Now, nobody really buys the idea that being angry and/or yelling insults is the same as murder.  We don’t.  I remember as a kid being taught that in Sunday School and on the outside nodding agreement but on the inside thinking, “Um...no.”  And most everybody is with me on this, which means that we tend to dismiss Jesus’s statement as hyperbole or exaggeration to make a point, that getting angry is bad and can lead to murder.  But Jesus isn’t really equating getting angry or yelling or insulting a person with murder.  He is, however, expanding the notion of what it means to be violent.  He’s saying, “You think you aren’t a violent person because you haven’t murdered anyone?  But yelling is an act of violence also, as is insulting another person, as is getting spit-flying, eye-bulging, foot-stomping angry.  These and many other things are acts of violence that can and do damage another person.” 
This is what we do.  We power-up on each other, and not just on our enemies, but on our loved ones.  In fact, it tends to be our loved ones that we do this to the most.  We tend to interact with our enemies as little as possible, but we interact with our loved ones all the time, and we tend to seek to be in control of our relationships, and that means that sometimes we’ll resort to different forms of manipulation in order to get or maintain the upper hand.  And manipulation is almost without exception a violation of the personhood and free will of another. 

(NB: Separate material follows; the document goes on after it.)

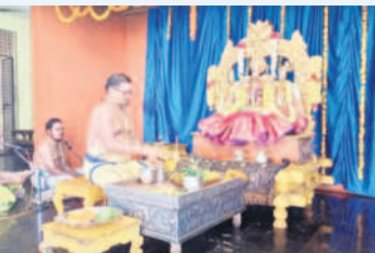
నిత్యకళ్యాణం నిర్వహిస్తున్న అర్చకులు

భద్రాచలం, డిసెంబర్ 19: భద్రాచలం దివ్యక్షేత్రంలోని బేదా మండపంలో అర్చకులు గురువారం స్వామివారికి నిత్యకళ్యాణం నిర్వహించారు. తెల్లవారుజామున ఆలయ తలుపులు తెరిచి స్వామివారికి సుప్రభాతం పలికి ఆరాధన, ఆరంభం, సేవాకాలం, నిత్యహోమాలు, నిత్యబలిహారణ, నిత్యపూజలు జరిపారు. కళ్యాణంలో పాల్గొన్న దాతలను ప్రసాదాలు, శేషమస్తాలు అందజేశారు. కార్యక్రమంలో అర్చకులు, ఆలయ సిబ్బంది పాల్గొన్నారు.

So insulting a person is not the same as murdering them, but it’s part of the same problem that is plaguing the world.  This is what Jesus came to address.  He addressed it in his teaching, he addressed it in the way he lived, and he addressed it in the way he died.
And if you want to know what the Kingdom of God is like, you can start with the idea that it is the place and the time in which this problem has been addressed and solved.  Which makes clearer what it means to pursue the Kingdom of God and its righteousness (Matt. 6:33).